# Exercise
Would you output the entries below only from the line containing "会上,张老师立足国家安全学科" through the line containing "1、录制模式多: 全屏、自定义区域、锁定窗口、摄像头录制随便选,想录哪就录哪。", exactly as they stand and with both ends included?

# Stored data
◆ ◆ ◆

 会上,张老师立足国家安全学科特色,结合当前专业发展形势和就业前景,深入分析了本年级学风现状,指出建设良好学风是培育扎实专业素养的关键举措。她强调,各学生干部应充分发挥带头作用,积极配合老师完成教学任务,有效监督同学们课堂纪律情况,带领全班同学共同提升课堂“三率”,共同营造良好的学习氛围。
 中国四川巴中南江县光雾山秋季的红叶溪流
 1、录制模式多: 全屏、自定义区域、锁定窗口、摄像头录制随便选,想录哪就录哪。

◆ ◆ ◆

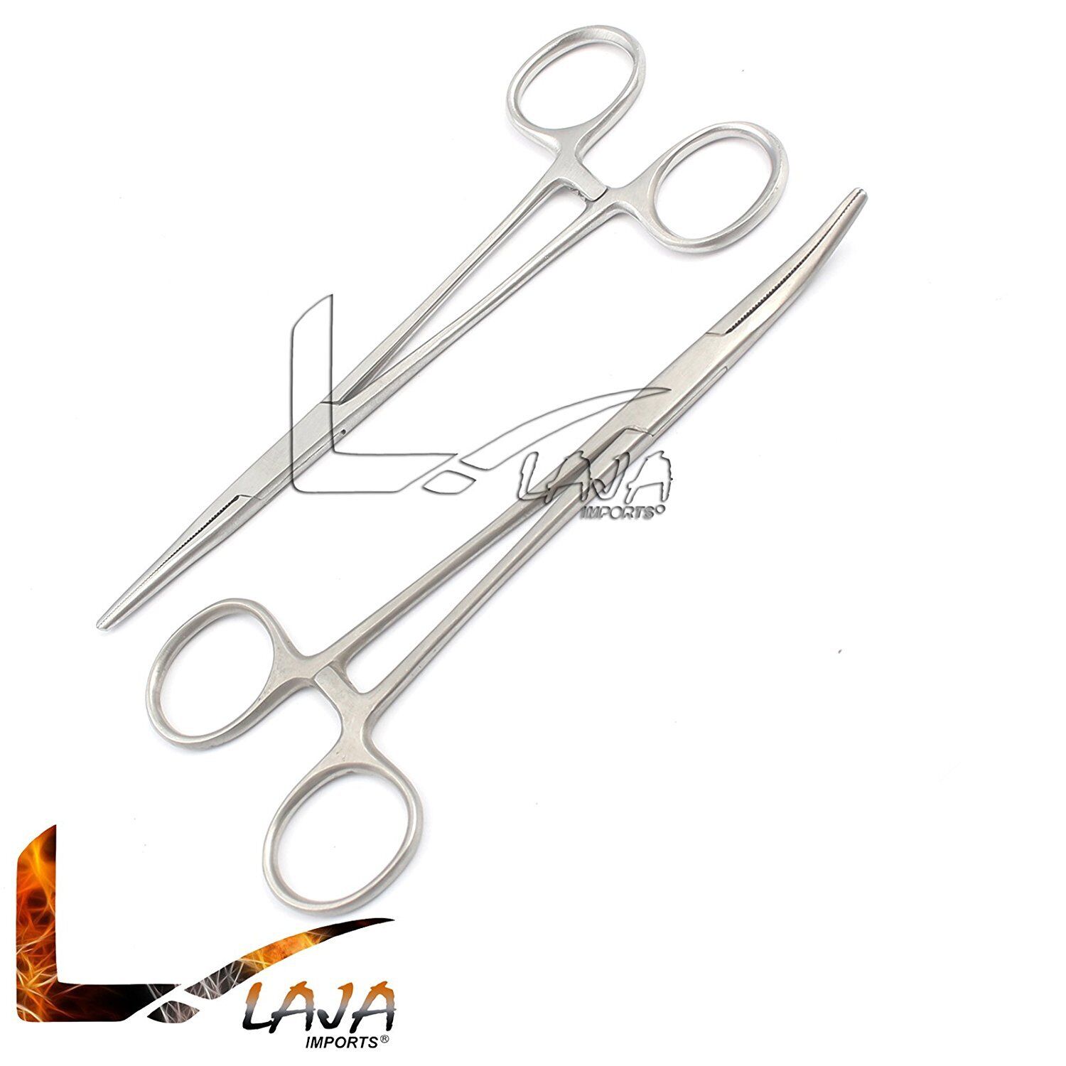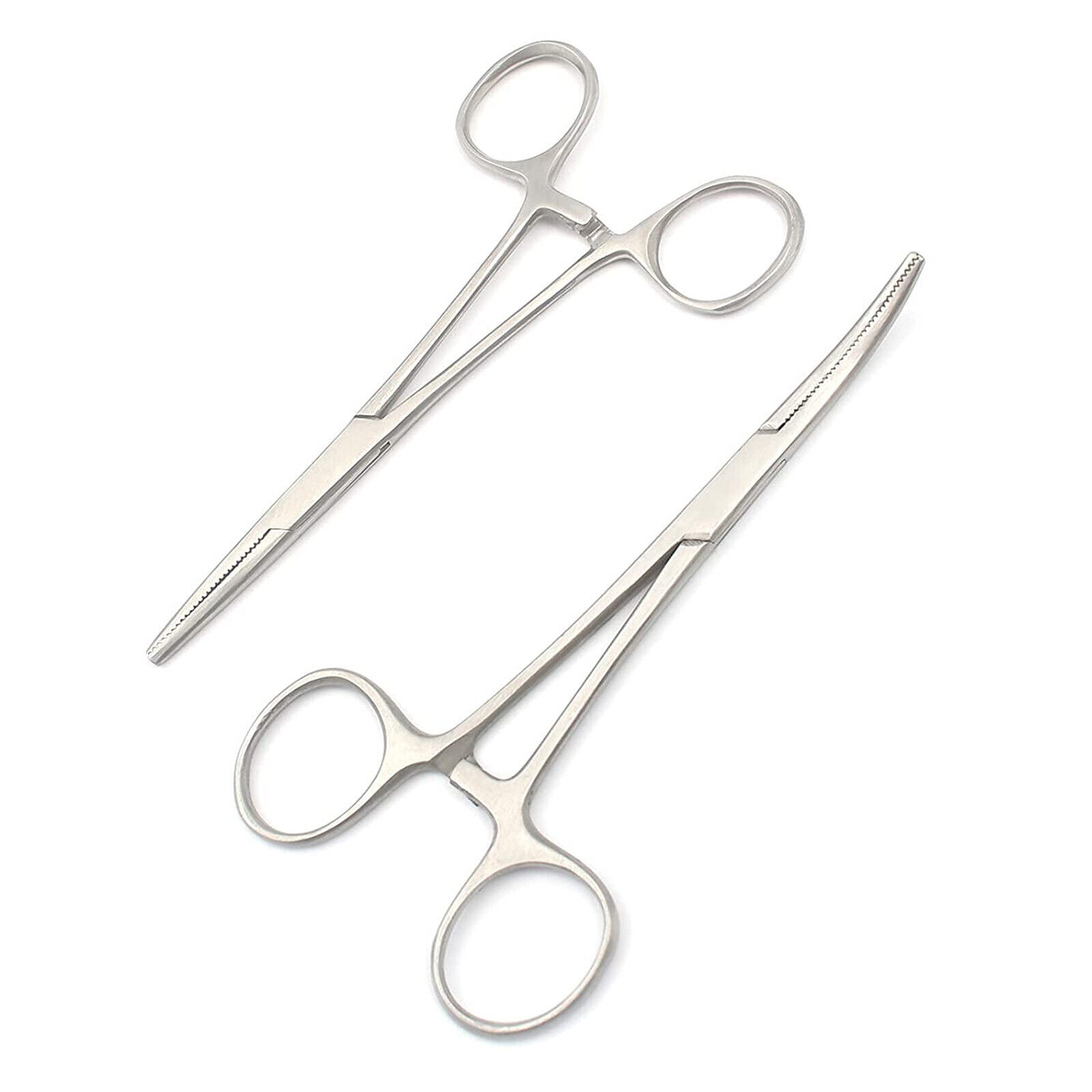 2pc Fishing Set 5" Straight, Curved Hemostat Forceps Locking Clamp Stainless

◆ ◆ ◆

# Task answer
 会上,张老师立足国家安全学科特色,结合当前专业发展形势和就业前景,深入分析了本年级学风现状,指出建设良好学风是培育扎实专业素养的关键举措。她强调,各学生干部应充分发挥带头作用,积极配合老师完成教学任务,有效监督同学们课堂纪律情况,带领全班同学共同提升课堂“三率”,共同营造良好的学习氛围。
 中国四川巴中南江县光雾山秋季的红叶溪流
 1、录制模式多: 全屏、自定义区域、锁定窗口、摄像头录制随便选,想录哪就录哪。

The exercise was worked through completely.